%%
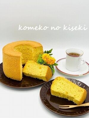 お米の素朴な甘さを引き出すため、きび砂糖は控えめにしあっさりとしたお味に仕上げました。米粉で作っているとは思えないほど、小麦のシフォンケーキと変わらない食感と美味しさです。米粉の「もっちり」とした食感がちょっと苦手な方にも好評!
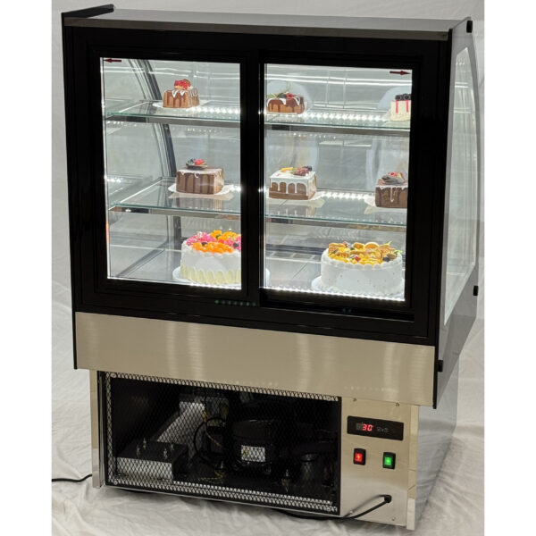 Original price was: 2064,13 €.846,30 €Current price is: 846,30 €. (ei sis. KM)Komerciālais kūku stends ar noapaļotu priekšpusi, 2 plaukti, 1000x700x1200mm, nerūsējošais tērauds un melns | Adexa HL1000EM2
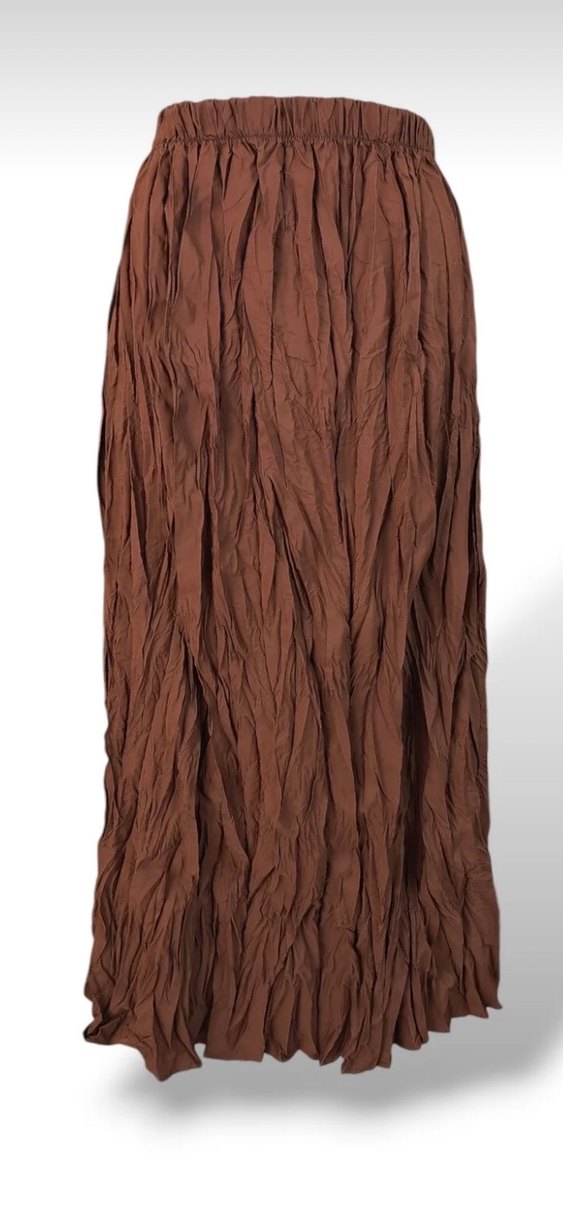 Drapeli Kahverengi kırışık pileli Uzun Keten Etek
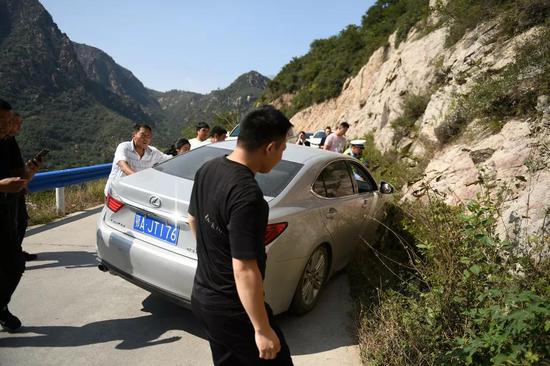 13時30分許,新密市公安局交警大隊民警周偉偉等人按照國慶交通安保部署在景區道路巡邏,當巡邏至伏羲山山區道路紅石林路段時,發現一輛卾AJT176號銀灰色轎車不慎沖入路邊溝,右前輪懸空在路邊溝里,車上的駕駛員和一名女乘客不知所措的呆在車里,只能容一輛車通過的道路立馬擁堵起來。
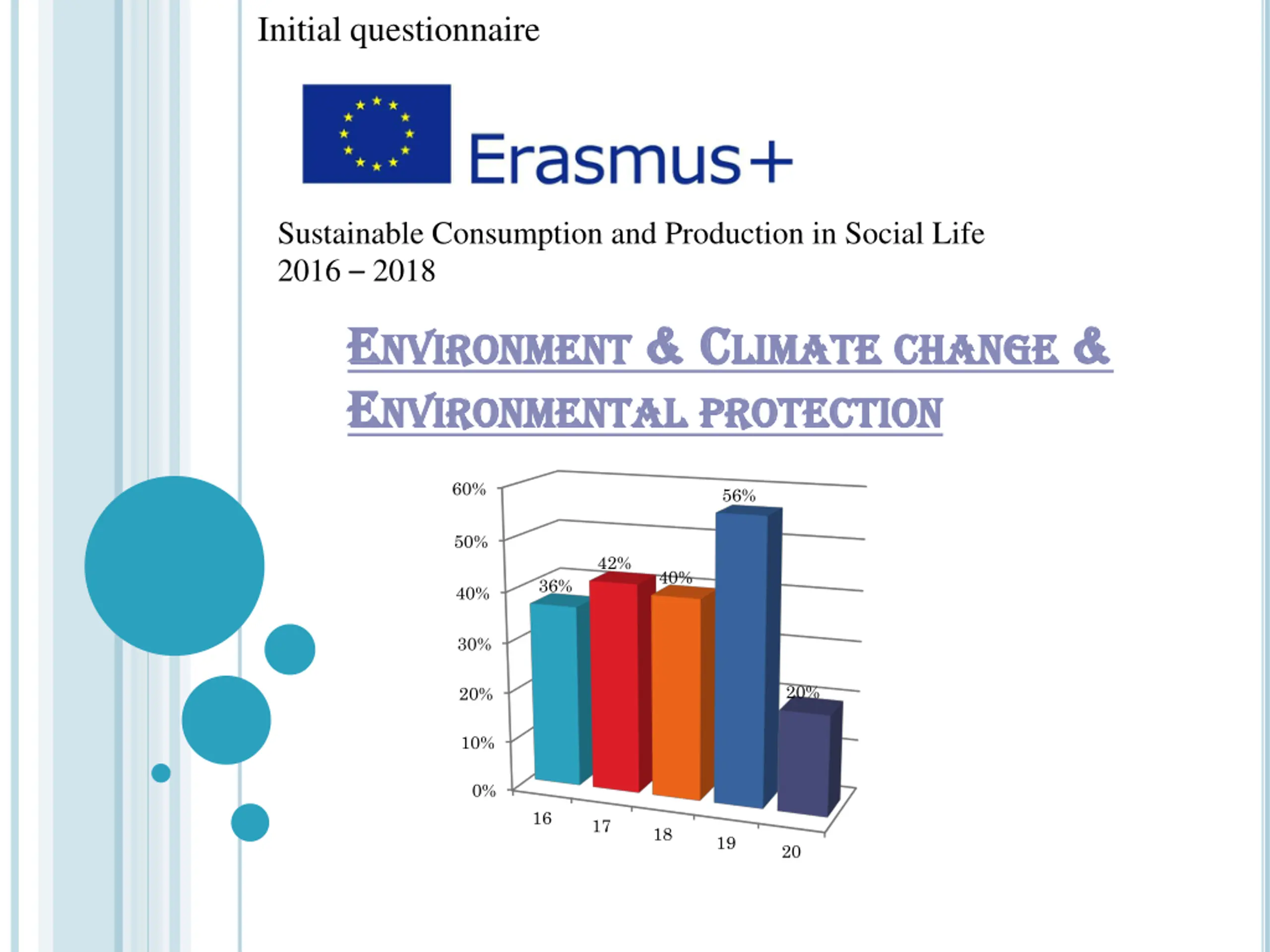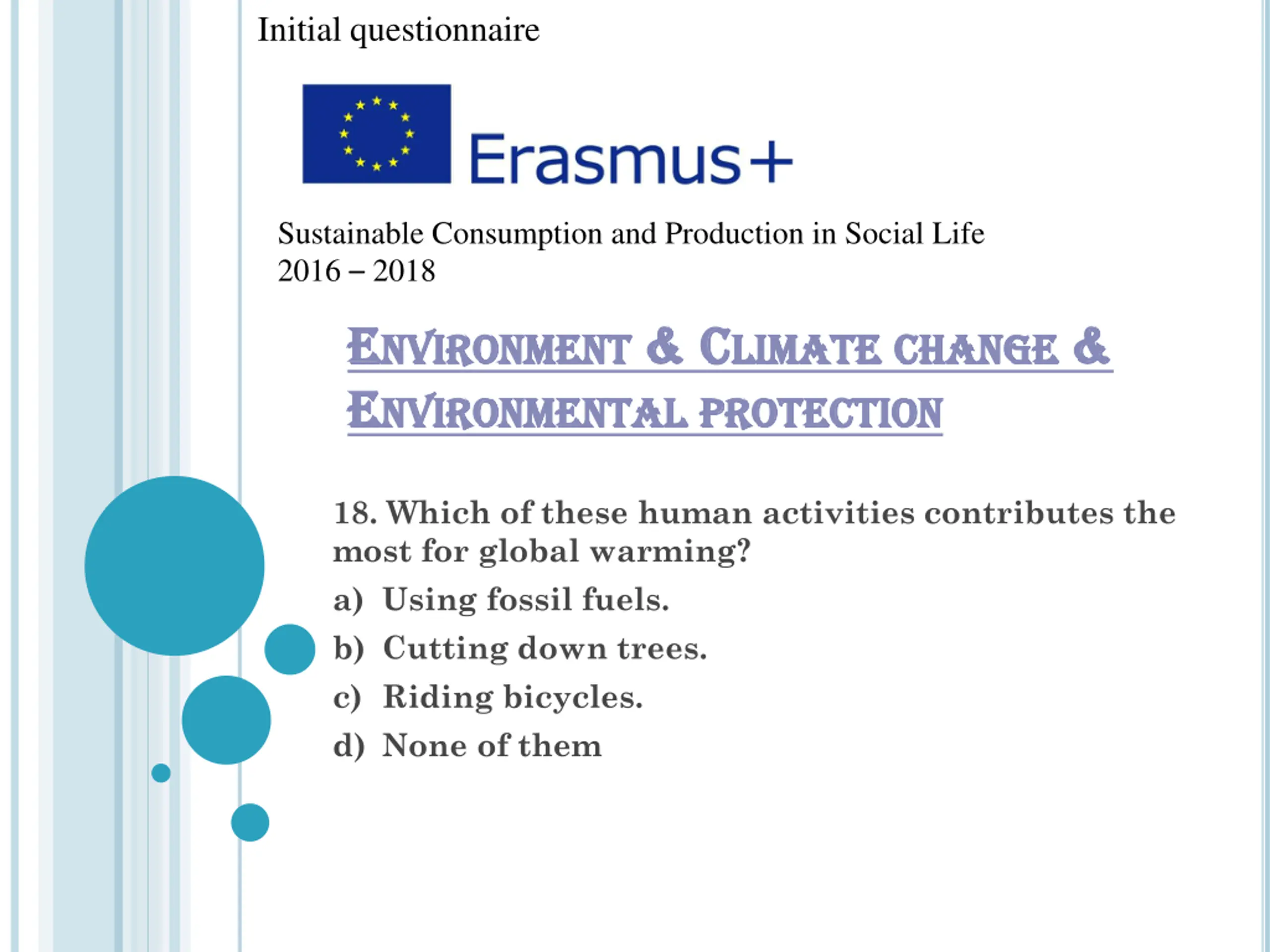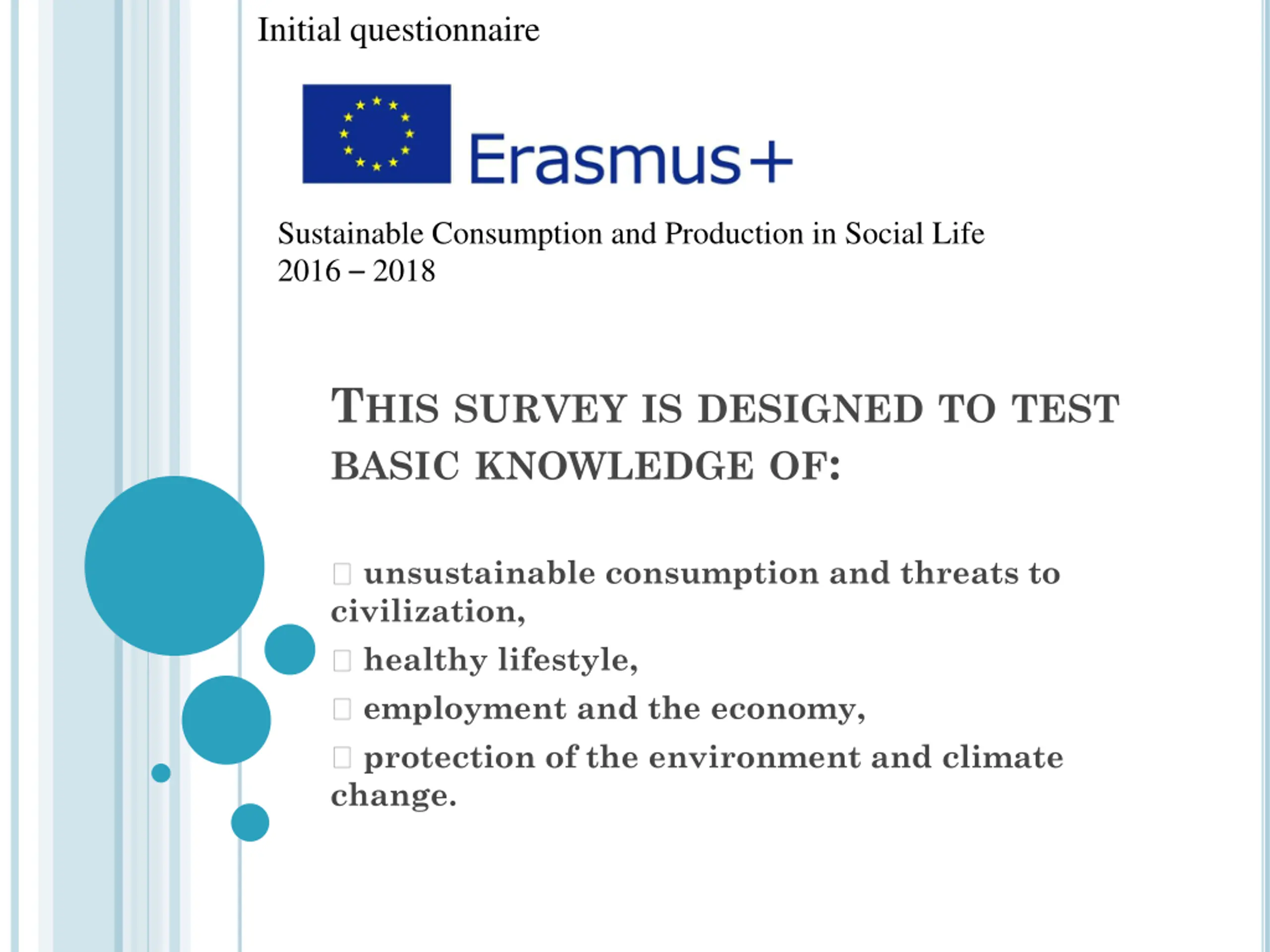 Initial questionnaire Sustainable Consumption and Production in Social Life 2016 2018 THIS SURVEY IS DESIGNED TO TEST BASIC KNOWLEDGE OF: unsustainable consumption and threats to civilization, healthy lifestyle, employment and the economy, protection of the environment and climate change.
%%
_Your objective:_ Please set down the records above verbatim, with each picture left out.

_Task result:_
 お米の素朴な甘さを引き出すため、きび砂糖は控えめにしあっさりとしたお味に仕上げました。米粉で作っているとは思えないほど、小麦のシフォンケーキと変わらない食感と美味しさです。米粉の「もっちり」とした食感がちょっと苦手な方にも好評!
 Original price was: 2064,13 €.846,30 €Current price is: 846,30 €. (ei sis. KM)Komerciālais kūku stends ar noapaļotu priekšpusi, 2 plaukti, 1000x700x1200mm, nerūsējošais tērauds un melns | Adexa HL1000EM2
 Drapeli Kahverengi kırışık pileli Uzun Keten Etek
 13時30分許,新密市公安局交警大隊民警周偉偉等人按照國慶交通安保部署在景區道路巡邏,當巡邏至伏羲山山區道路紅石林路段時,發現一輛卾AJT176號銀灰色轎車不慎沖入路邊溝,右前輪懸空在路邊溝里,車上的駕駛員和一名女乘客不知所措的呆在車里,只能容一輛車通過的道路立馬擁堵起來。
 Initial questionnaire Sustainable Consumption and Production in Social Life 2016 2018 THIS SURVEY IS DESIGNED TO TEST BASIC KNOWLEDGE OF: unsustainable consumption and threats to civilization, healthy lifestyle, employment and the economy, protection of the environment and climate change.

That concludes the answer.